I've heard an argument that a religious person talked to a scientist and that the scientist "confessed" that they don't have any evidence to back up their theories.
I must understand quantum mechanics to design semiconductor circuits. I can use semiconductors without understanding electricity or even without understanding how to read - that is tangible evidence in the validity of the theory. My computer and router connected to the internets constitute a galaxy of facts produced by theory.

Someone, somewhere has the evidence for quantum mechanics, general relativity and all of the theory in the scientific canon. Even before Google all of this chain of evidence was available. If you are moderately careful you can resolve disputes over evidence with the help of moderators or peers who review scientific theories.

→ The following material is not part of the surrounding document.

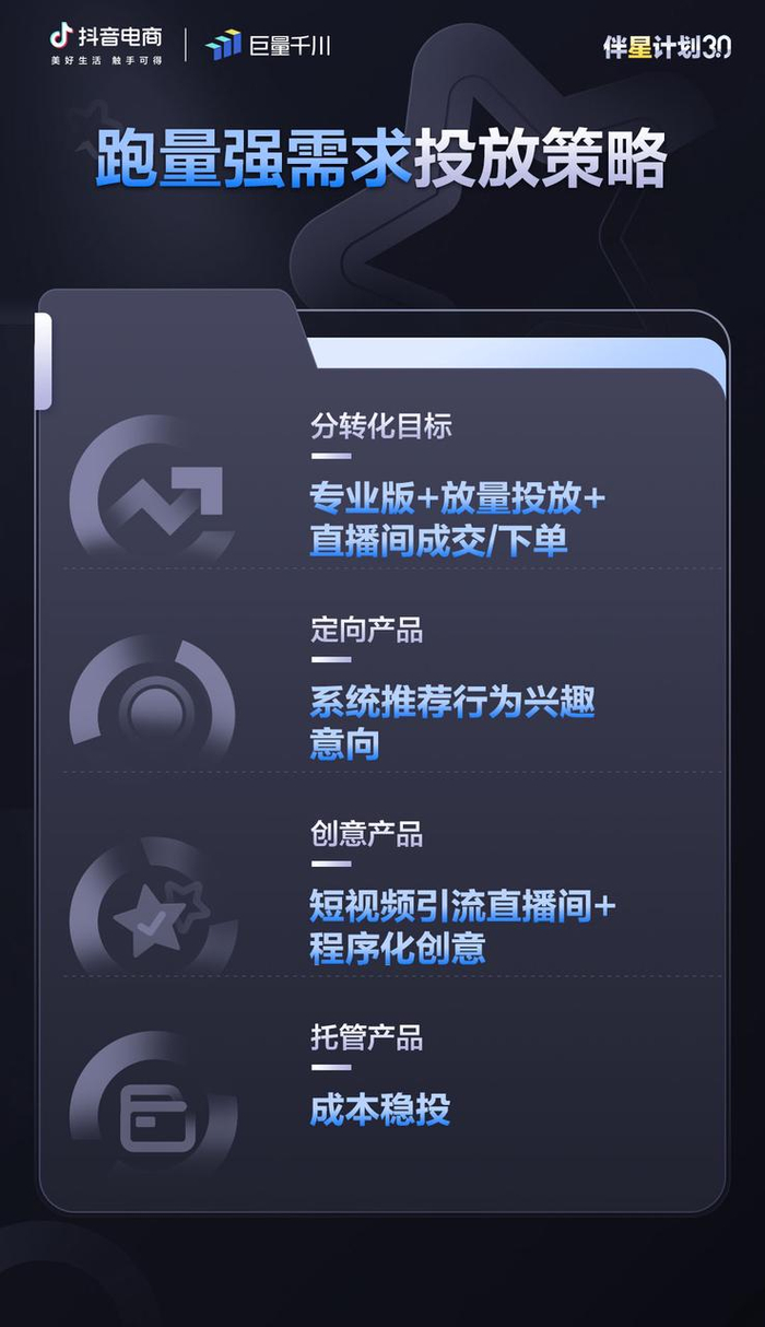 为给抖音电商服务商更多经营与投放启发,「伴星计划3.0」后续还将输出有关冷启动场景的策略和产品应用指南,敬请期待!

On the other hand, supernatural beliefs stop all inquiry at the willing suspension of disbelief.
BTW here is the We Think Atheist vid for this one: Enjoy
Scientific theory over time becomes more valid and powerful than religious scripture because scientific theory is allowed to and expected to self-correct and improve based on newly discovered evidence. Whereas science texts are corrected or re-written to accommodate new evidence and updated theory, scriptures are proclaimed to be infallible and unchangeable, regardless of evidence.

The word "theory" does not even exist in scripture, and the word "faith" is meaningless in science (except perhaps as a data point in sciences of human behavior). Science describes and predicts reality in finer and finer detail over time, while religion can only prescribe unchangeable moralistic judgments. Science and religion were not designed or intended to agree with each other.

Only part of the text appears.